2. Une personne physique est réputée résident de l’Etat
contractant où elle dispose d'un foyer permanent
d'habitation.
a) Lorsqu'elle dispose d'un foyer permanent d'habitation dans chacun des Etats
contractants, elle est considérée comme un résident de
l’Etat contractant avec lequel ses liens personnels et économiques
sont les
plus étroits, c'est-à-dire de l’Etat contractant où
elle a le centre de ses intérêts vitaux ;
b) Si l’Etat contractant où cette personne a le centre de ses intérêts
vitaux ne peut être déterminé, elle est considérée
comme un résident de l’Etat contractant où elle séjourne
de façon habituelle ;
c) Si cette personne séjourne de façon habituelle dans chacun
des Etats contractants ou qu'elle ne séjourne de façon habituelle
dans aucun d'eux, elle est considérée comme un résident
de l’Etat contractant dont elle possède la nationalité ;
d) Si cette personne possède la nationalité de chacun des Etats
contractants ou qu'elle ne possède la nationalité d'aucun d'eux,
les autorités compétentes des Etats contractants tranchent la
question d'un commun accord.
3. Les personnes physiques dont le foyer permanent d'habitation se trouve à
bord d'un navire exploité en trafic international sont considérées
comme des résidents de l’Etat contractant où se trouve le
siège de direction effective de l'entreprise. Il en est de même
des personnes physiques qui ont leur foyer permanent d'habitation à bord
d'un bateau servant à la navigation intérieure et dont l'activité
s'étend au territoire des deux Etats contractants.

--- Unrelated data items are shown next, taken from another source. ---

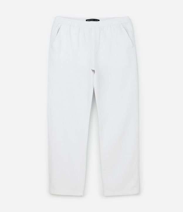 Calça Básica em Cotton Texturizado com Cós Elástico Branco
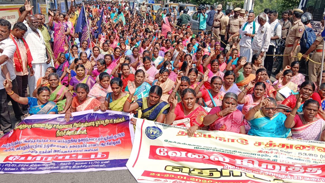 தேசிய நெடுஞ்சாலை – 67 சுற்றுச்சாலைக்காக 10 ஏரிகளில் போடப்பட்ட சட்டவிரோத சாலைகளை அகற்றி மேம்பாலங்கள் கட்ட வரும் 2026 மத்திய பட்ஜெட்டில் நிதி ஒதுக்க வலியுறுத்தி திருச்சி கருமண்டபத்தில் உள்ள இந்திய தேசிய நெடுஞ்சாலை ஆணையம் முன்பு தமிழக விவசாயிகள்…
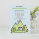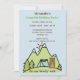 Super cute camp out birthday party design features a graphic of a tent with party bunting hanging on it. The tent is in front of mountains and within the trees. Standing next to the camping tent is a cute little brown bear. There is customizable text in brown and green font where you can add the birthday boy's name and all of the birthday camping party information. Below the tent and bear graphic is text in brown font that says "We can "bearly" wait!" The background of the invitation is a pale blue colour. The reverse side of the invitation has the same blue background and is covered in a pattern of the camping tent graphic. This is an adorable camping birthday theme invitation. Matching paper plates, napkins and postage also available. Also available for girls in pink!
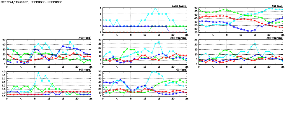 | Air Quality Data Time Series in Central/Western (2022/08/06) | ( Line colors: Day -3 Day -2 Day -1 Current day ) | 2D Map Current AQHI |

Si le siège de direction effective d'une entreprise de navigation maritime
ou intérieure est à bord d'un navire ou d'un bateau, ce siège
est réputé situé dans l’Etat contractant où
se trouve le port d'attache ou, à défaut de port d'attache, dans
l’Etat contractant dont l'exploitant a la nationalité.
4. Une personne morale est réputée résident de l’Etat
contractant où se trouve son siège de direction effective.
Il en est de même des sociétés de personnes et des associations
qui, selon les lois nationales qui les régissent, n'ont pas la personnalité
juridique.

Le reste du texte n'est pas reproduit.